Stored data:
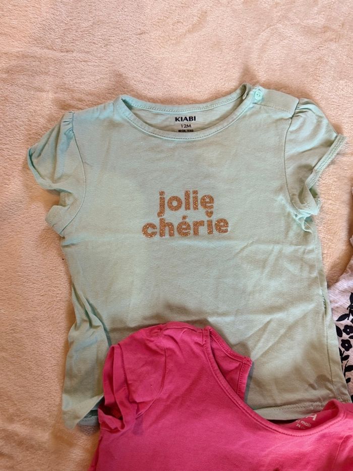 Lot de 4 t shirt en taille 12 mois 🌷 En très bon état sauf 1 qui a une petite tache (voir photo) 🌷 De la marque Kiabi , Primark et La Halle. Envoi rapide et soigné !
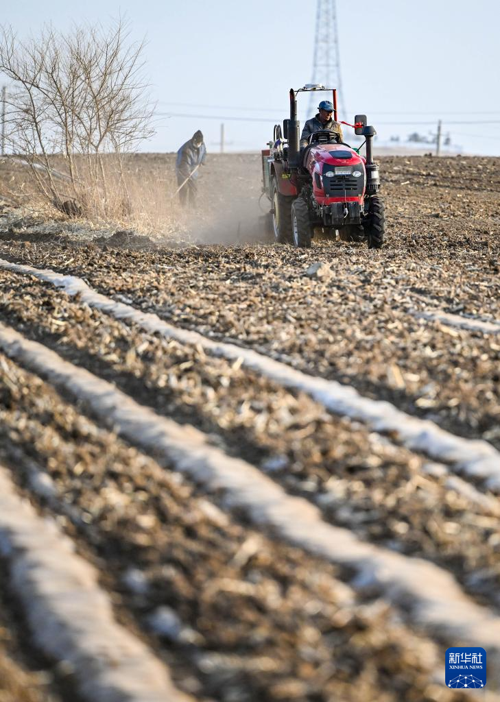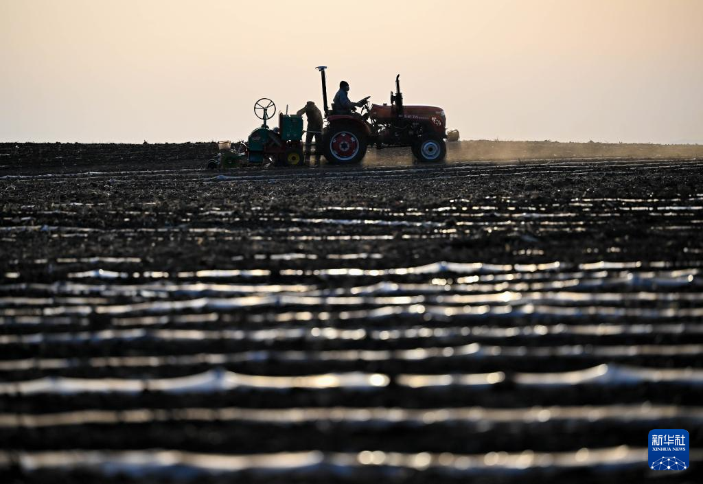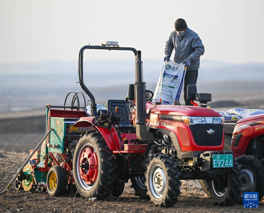 4月9日,农户驾驶拖拉机在内蒙古兴安盟科尔沁右翼前旗的万亩玉米连片种植区中播种玉米。
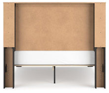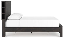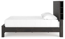 Less. Never more beautiful. Rich in rustic yet contemporary character and decidedly simple on the details, this king panel bookcase bed. Easy-on-the-eyes elements include a block base and a rustic charcoal finish that gives the wood grain aesthetic a highly modern feel. A space-saving efficient storage option, open cubbies along both sides keep your favorite reads within easy reach. And it's right up to speed, with slim-profile USB charging ports.
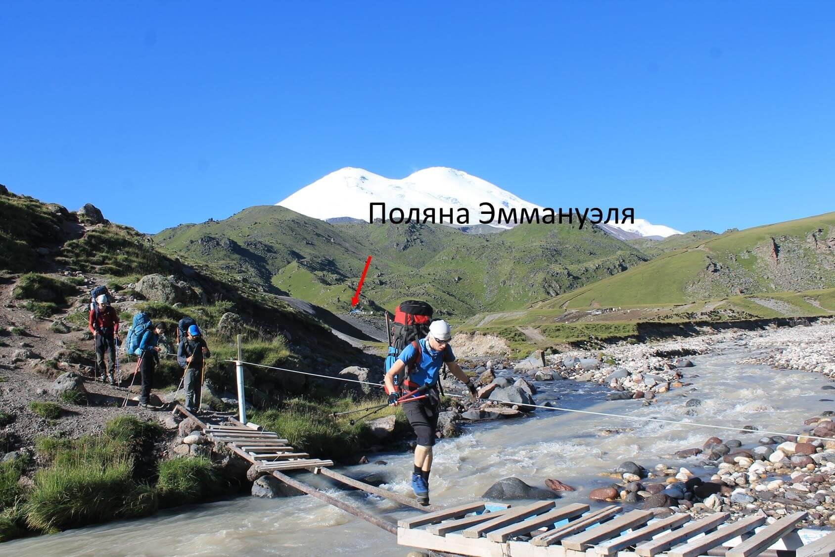 8 августа. День 11. Подъём в 5.00 утра, выходим в 7.30. Проходим бывшую базу МЧС, поднимаемся на тропу. Отсюда видно начало пути подъёма по отрогу до перевала. Через 500 метров тропа начинает уходить влево, огибая ручей, после ручья начинает набирать вверх по отрогу в сторону перевала. На высоте 3475 м влево отходит отрог, чуть ниже по нему находится перевал Восточный Чемарткол (3375 м). Подходя к перевалу, огибаем локальную вершину 3714 м с правой стороны, склон выполаживается, перевал находится в зоне видимости. За 4 перехода (3 ч 20 мин ЧХВ) от бывшей базы МЧС доходим по тропе до перевала БалкБаши, N 43°23.527’ E 42°24.197’, 1А 3689м, время 12.10. От базы МЧС было набрано чуть больше 1000 м, со средним уклоном 15-20 градусов. На склонах в округе находятся несколько отар баранов на выпасе, из коша снизу, расположенного рядом с бывшей базой МЧС. Перевальная седловина достаточно широка, но места под палатки находятся в сотне метров южнее по гребню. С перевала спускаемся вниз траверсом влево, вдоль склона, идёт отличная тропа, уклон в среднем 5-15 градусов, навстречу к нам поднимается несколько спортивных групп. Первые стоянки находятся на высоте 3500м, в 900 метрах от перевала, N 43°23.745’ E 42°24.763’, вода берется из ручья рядом. Далее тропа всё также идёт по склону вдоль Западного ребра. Всё это время тропу сопровождает уже знакомая нам синяя разметка. На высоте 3200 метров, разметка уходит с тропы вправо, N 43°24.852’ E 42°25.460’ мы уходим за ней, пересекаем ручей и далее продолжаем спускаться в сторону русла реки Кызылкол. Через 1100 метров от нашего ухода с тропы, разметка снова нас выводит на неё, уже рядом с рекой, далее проходим по тропе 150 м, и выходим к натянутой на шлямбурах навесной переправе для соревнований, в месте разлива реки, N 43°25.288’ E 42°26.071’. Радуемся. Одеваем верхние обвязки, кроксы и каски, по 1 человеку, пристёгиваясь к перилам усами самостраховки, с рюкзаками переходим реку, держась за перила. После переправы устраиваем обед на просторной полянке у реки с большими песочными площадках под палатки, в 50 метрах от переправы, N 43°25.309’ E 42°26.111’. Время 14.00 часов. Оглядываемся на мощный ледники Уллучуран, стекающий с северного склона г. Эльбрус и понимаем, что основная часть маршрута практически закончена. Впереди нас ждёт днёвка на Поляне Эммануэля. Пообедав, в 15.00 часов выходим. Продолжаем движение по разметке, набираем на ближайший склон морены, спускаемся с другой стороны и идём вдоль живописного заболоченного ручейка. Через 300 метров ручей пересекает тропа, которая ведет на поляну Эммануэля, через 650 метров тропа перерастает в старую геологическую дорогу, движемся по ней. Проходим по дороге живописнейшие луга под названием урочище Ирахиксырт. В некоторых местах основную колею дороги сильно размыло, поэтому параллельно идёт другая дорога. Привалов не делаем, продолжаем спускаться по тропе, справа вдалеке виднеется немецкий аэродром, постепенно склон становится немного круче, и мы видим саму Поляну Эммануэля. Перед спуском к поляне, крутизна склона увеличивается местами до 20 градусов, но это небольшой участок, который находится перед мостом через речку, которая впадает в Кызылкол, рядом с самой поляной. Мост, на поляну Эммануэля, N 43°25.702’ E 42°30.488’, с дороги не виден, он расположен за склоном в том месте, где геологическая дорога и река поворачивают к кошу, или практически у начала «оп
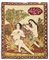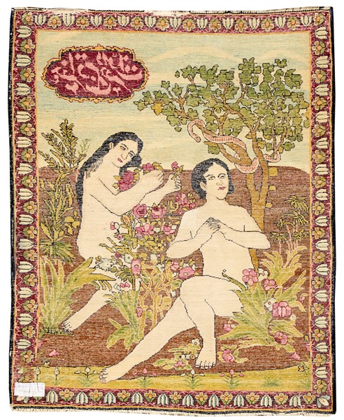 Figured carpet Kirman, Persia, late 19th century. Decoration with Adam and Eve in the Garden of Eden and a cartouche on the top with inscriptions in ancient Arabic (cm 90x73) (defects)
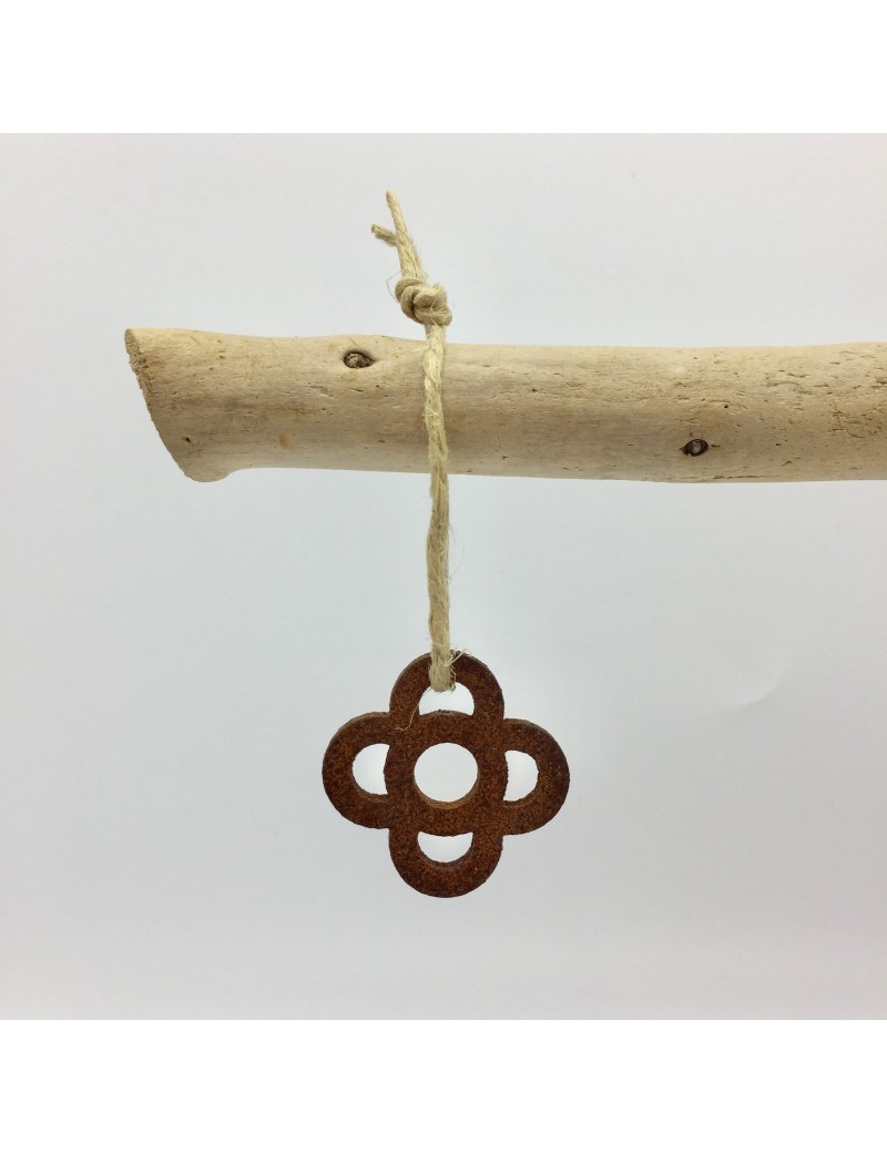 Reproduction in rusty iron of the well-known gray panot de flor hydraulic cement tile, which spread across Barcelona's roadways when the "Eixample" was developed. It can serve as a decoration or a keychain.

What to work on:
Exact repetition of the data is needed, with no images retained.

Output of the exercise:
 Lot de 4 t shirt en taille 12 mois 🌷 En très bon état sauf 1 qui a une petite tache (voir photo) 🌷 De la marque Kiabi , Primark et La Halle. Envoi rapide et soigné !
 4月9日,农户驾驶拖拉机在内蒙古兴安盟科尔沁右翼前旗的万亩玉米连片种植区中播种玉米。
 Less. Never more beautiful. Rich in rustic yet contemporary character and decidedly simple on the details, this king panel bookcase bed. Easy-on-the-eyes elements include a block base and a rustic charcoal finish that gives the wood grain aesthetic a highly modern feel. A space-saving efficient storage option, open cubbies along both sides keep your favorite reads within easy reach. And it's right up to speed, with slim-profile USB charging ports.
 8 августа. День 11. Подъём в 5.00 утра, выходим в 7.30. Проходим бывшую базу МЧС, поднимаемся на тропу. Отсюда видно начало пути подъёма по отрогу до перевала. Через 500 метров тропа начинает уходить влево, огибая ручей, после ручья начинает набирать вверх по отрогу в сторону перевала. На высоте 3475 м влево отходит отрог, чуть ниже по нему находится перевал Восточный Чемарткол (3375 м). Подходя к перевалу, огибаем локальную вершину 3714 м с правой стороны, склон выполаживается, перевал находится в зоне видимости. За 4 перехода (3 ч 20 мин ЧХВ) от бывшей базы МЧС доходим по тропе до перевала БалкБаши, N 43°23.527’ E 42°24.197’, 1А 3689м, время 12.10. От базы МЧС было набрано чуть больше 1000 м, со средним уклоном 15-20 градусов. На склонах в округе находятся несколько отар баранов на выпасе, из коша снизу, расположенного рядом с бывшей базой МЧС. Перевальная седловина достаточно широка, но места под палатки находятся в сотне метров южнее по гребню. С перевала спускаемся вниз траверсом влево, вдоль склона, идёт отличная тропа, уклон в среднем 5-15 градусов, навстречу к нам поднимается несколько спортивных групп. Первые стоянки находятся на высоте 3500м, в 900 метрах от перевала, N 43°23.745’ E 42°24.763’, вода берется из ручья рядом. Далее тропа всё также идёт по склону вдоль Западного ребра. Всё это время тропу сопровождает уже знакомая нам синяя разметка. На высоте 3200 метров, разметка уходит с тропы вправо, N 43°24.852’ E 42°25.460’ мы уходим за ней, пересекаем ручей и далее продолжаем спускаться в сторону русла реки Кызылкол. Через 1100 метров от нашего ухода с тропы, разметка снова нас выводит на неё, уже рядом с рекой, далее проходим по тропе 150 м, и выходим к натянутой на шлямбурах навесной переправе для соревнований, в месте разлива реки, N 43°25.288’ E 42°26.071’. Радуемся. Одеваем верхние обвязки, кроксы и каски, по 1 человеку, пристёгиваясь к перилам усами самостраховки, с рюкзаками переходим реку, держась за перила. После переправы устраиваем обед на просторной полянке у реки с большими песочными площадках под палатки, в 50 метрах от переправы, N 43°25.309’ E 42°26.111’. Время 14.00 часов. Оглядываемся на мощный ледники Уллучуран, стекающий с северного склона г. Эльбрус и понимаем, что основная часть маршрута практически закончена. Впереди нас ждёт днёвка на Поляне Эммануэля. Пообедав, в 15.00 часов выходим. Продолжаем движение по разметке, набираем на ближайший склон морены, спускаемся с другой стороны и идём вдоль живописного заболоченного ручейка. Через 300 метров ручей пересекает тропа, которая ведет на поляну Эммануэля, через 650 метров тропа перерастает в старую геологическую дорогу, движемся по ней. Проходим по дороге живописнейшие луга под названием урочище Ирахиксырт. В некоторых местах основную колею дороги сильно размыло, поэтому параллельно идёт другая дорога. Привалов не делаем, продолжаем спускаться по тропе, справа вдалеке виднеется немецкий аэродром, постепенно склон становится немного круче, и мы видим саму Поляну Эммануэля. Перед спуском к поляне, крутизна склона увеличивается местами до 20 градусов, но это небольшой участок, который находится перед мостом через речку, которая впадает в Кызылкол, рядом с самой поляной. Мост, на поляну Эммануэля, N 43°25.702’ E 42°30.488’, с дороги не виден, он расположен за склоном в том месте, где геологическая дорога и река поворачивают к кошу, или практически у начала «оп
 Figured carpet Kirman, Persia, late 19th century. Decoration with Adam and Eve in the Garden of Eden and a cartouche on the top with inscriptions in ancient Arabic (cm 90x73) (defects)
 Reproduction in rusty iron of the well-known gray panot de flor hydraulic cement tile, which spread across Barcelona's roadways when the "Eixample" was developed. It can serve as a decoration or a keychain.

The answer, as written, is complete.